Plans call for the Three Mile Island nuclear plant to be dismantled between 2034 and 2044.

Plans call for the Three Mile Island nuclear plant to be dismantled between 2034 and 2044.

Thirty-five years after the worst nuclear accident in U.S. history, plans for the eventual decommissioning of the Three Mile Island plant are still causing a stir.
In a sparsely attended yet contentious public meeting tonight in Hershey, the federal Nuclear Regulatory Commission discussed plans for the eventual decommissioning of the plant.
About a dozen people turned out to talk about the plans, which call for dismantling the mothballed Unit 2 along with the operational Unit 1 when its license expires in 2034.
The decommissioning would take place over a ten year period, with full site restoration by 2054 — 75 years after the accident.
Neil Sheehan is a spokesman for the NRC. He says it makes practical and economic sense to decommission the reactors together.
“Would we like it move faster? Yeah.
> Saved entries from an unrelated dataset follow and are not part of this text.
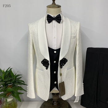 リアルホワイトスリムフィットメンズスーツ3ピース3Dプリント上げドラゴンパターン2スリットビジネスパーティーウェディングスーツ男性用MSW2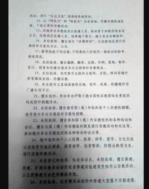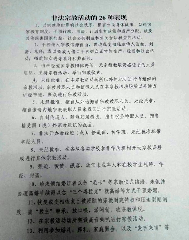 Source: [RFA Exclusive: Xinjiang Mandatory Implementation of 26 Illegal Religious Rules and Complete Ban on Unofficial Religious Activities] (https://www.rfa.org/mandarin/yataibaodao/shaoshuminzu/ql2-02282017104841.html)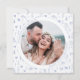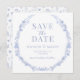 Chic and sophisticated, this Save the Date photo invitation for a boho wedding showcases an elegant rustic botanical theme with light blue flower blooms.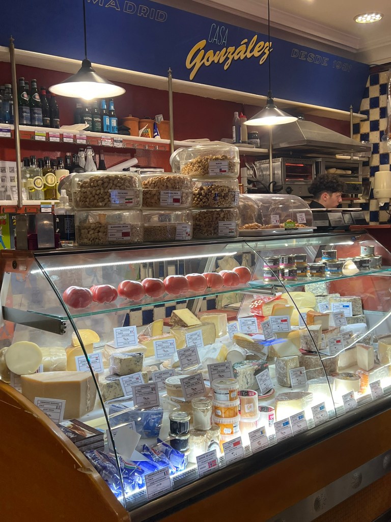 Casa González – founded in 1931, it has a store in the front that sells cheese, wine and delicatessen products and restaurant in the back. I ended up coming here 3 times in a week as the food was very good, affordable and friendly staff. I opted for the toasts – **many of the Madrid tapas tours come by here. I saw several rotating in and out each time i was there, so you know it must be good!
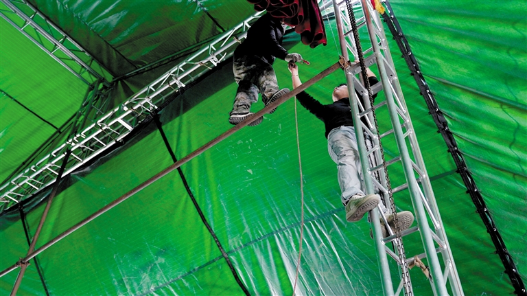 ▲演出前4小时,演职人员搭建舞台。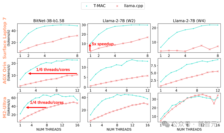 图2 在不同端侧设备CPU(Surface Laptop 7, NVIDIA AGX Orin, Apple M2-Ultra)的各核数下T-MAC和llama.cpp的token生成速度可达llama.cpp的4-5倍。达到相同的生成速率,T-MAC所需的核心数仅为原始llama.cpp的1/4至1/6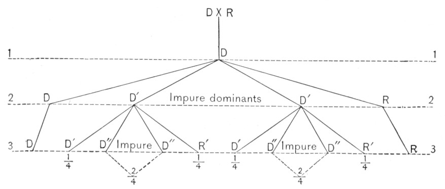 417. Plant genealogy.—It has been shown by a study of existing forms of plant life that there is no hard and fast line of division anywhere between the different groups, but that they are all connected by ties of kinship more or less defined, according to their distance from a common ancestral stock. The geological record points to the same conclusion, and our classification of them into families, orders, and species is merely a very imperfect genealogical table of their supposed pedigrees. This does not mean, however, that we can assert positively that such and such a species is derived from such or such another, but that both are descended from some common intermediate form more or less remote. While we have reason to believe that the flowering plants are derived through pteridophyte and bryophyte types from some of the green algæ, no direct connection has ever been traced between any particular kind of flowering plant and any particular kind of alga,—or between a liverwort and an alga, for that matter,—and probably never will be, because the intermediate forms die out, or pass on by variation into other lines of development. But while this is true, all the evidence we possess does go to show that, since the beginning of life on the globe, there has been a general progressive evolution from lower and simpler to higher and more complex forms.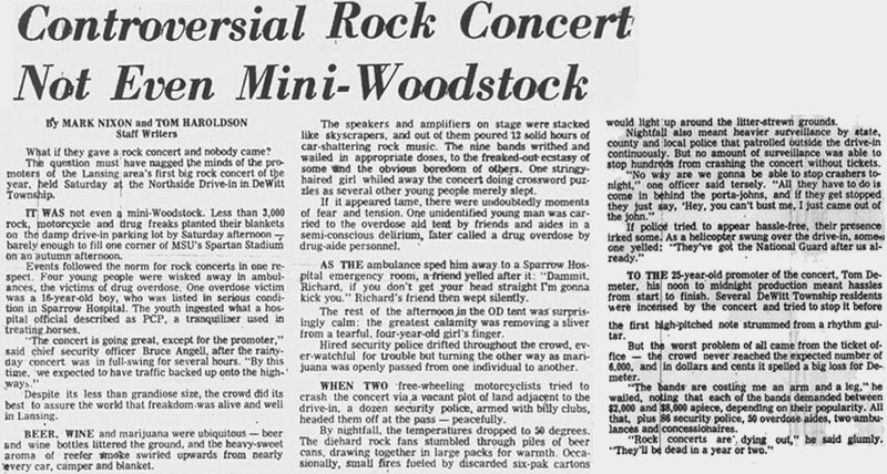 "The first gig Ray was able to get in the States for the band was a non-event pop festival in East Lansing, Michigan during the early spring. This outdoor festival was not Woodstock. Only 1,300 people showed up on a rainy day at the concert site.... a drive-in movie theatre. The audience was not familiar with the band's material and they received an indifferent reception." - Visions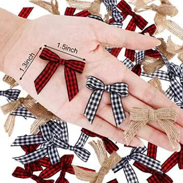 60 Pieces Christmas Mini Bows for Crafts Small Craft Bows Mini Buffalo Plaid Bow Red and Black Checkered Bows Gingham Ribbon Bows Farmhouse Home Decoration for Christmas Tree DIY Crafts, 3 Colors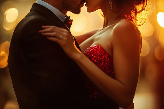 Sexy young elegant couple at the Party. Woman wearing golden dress and man in classic suit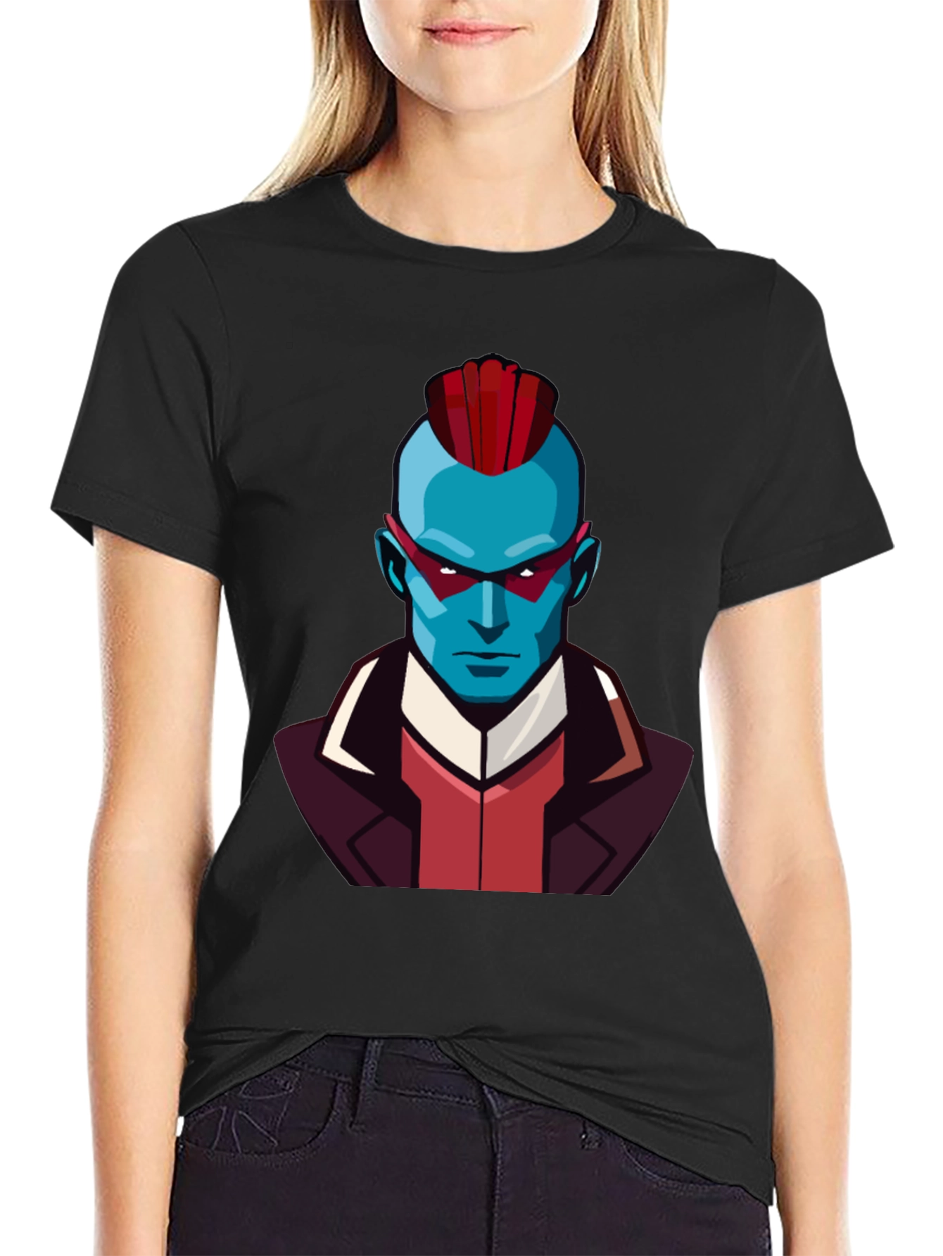 Show your love for Guardians of the Galaxy with this unique Yondu-inspired graphic tee. This black t-shirt features a bold, stylized illustration of Yondu Udonta, complete with his signature blue skin, red fin, and intense gaze. The design is printed on a comfortable, soft-feel fabric, perfect for everyday wear or cosplay events. The detailed graphic is eye-catching and a great conversation starter for fans of the iconic Marvel character. Whether you're attending a comic convention, hanging out with friends, or simply expressing your fandom, this Yondu t-shirt is the perfect choice. Add this unique piece to your collection and represent your favorite Ravager!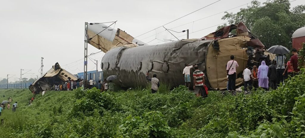 West Bengal, 17th of June, 2024 : The accident occurred when a goods train hit a stationary passenger train, the Kanchenjungha Express, in West Bengal on Monday (17th June, 2024) morning. The collision occurred near Rangapani station, approximately seven kilometers from New Jalpaiguri. The Kanchanjunga Express (13174) train was bound for Sealdah from Agartala when the accident occurred at around 9:00am (09.01 hrs). According to sources, 8 people have died and around 25 have been injured in a train crash.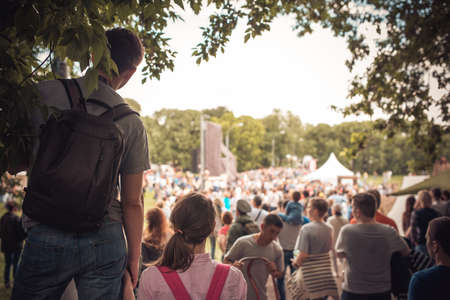 Young handsome party boy,People on music festival in the summer, back view, big group at party with dj, summer nightlife, disco club outside, fun youth, entertainment festive concept, male back view happy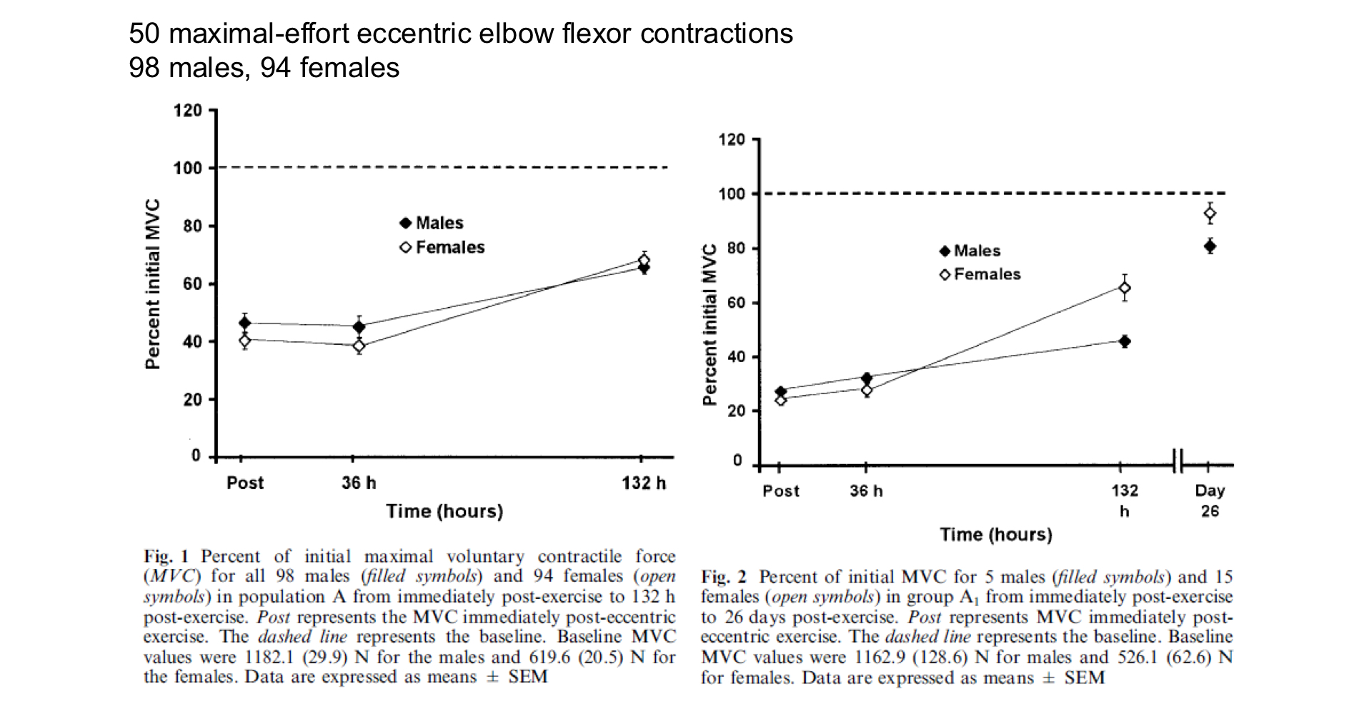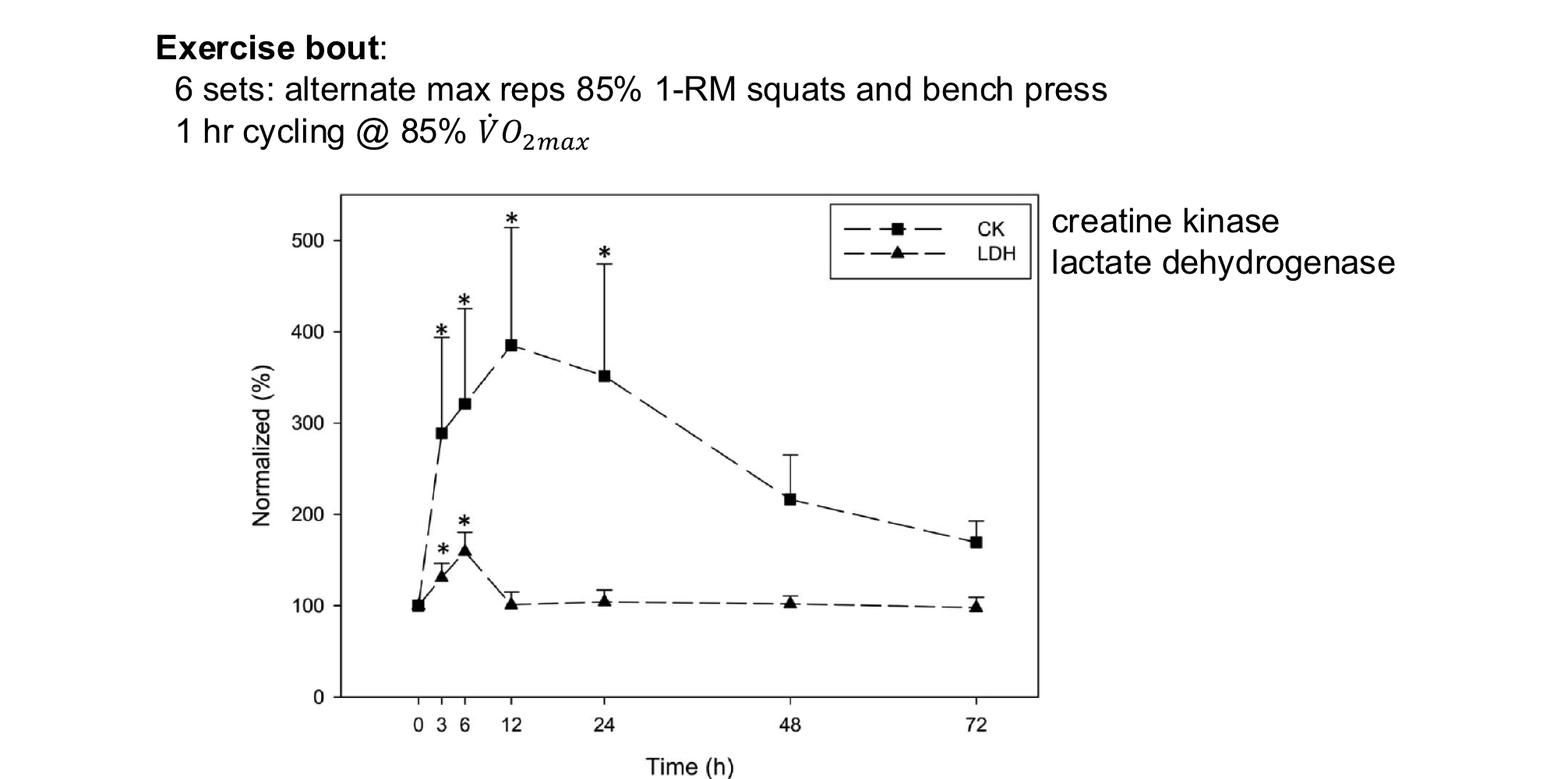 Muscle damage and delayed-onset muscle soreness (DOMS - feel 24-48 hrs and then gets worse over a couple days)

There are many cases where that would be ideal,” he says, But unfortunately there are circumstances that prevent that.”
The process is expected to cost about $950 million (in 2012 dollars).
Representatives from the nuclear watchdog group Three Mile Island Alert criticized the NRC and the plant’s operators for decades of delays—pointing out this latest decommissioning report was submitted 18 years late.
Eric Epstein chairs the organization and says he doesn’t believe the plant will be cleaned up until the 22nd century.
“I’ve been coming to meeting, after meeting, after meeting for 35 years. The projections have been off. The promises have been broken.” he says, “I think a lot of people are operating under the assumption the plant has been cleaned up– it’s been de-fueled. One of the most vexing problems is there’s nowhere to take the waste.”
The decommissioning report was submitted to the NRC by FirstEnergy, which owns Unit 1, earlier this summer.
Although the NRC is not required to approve the report, it’s under review and the agency is seeking public comment.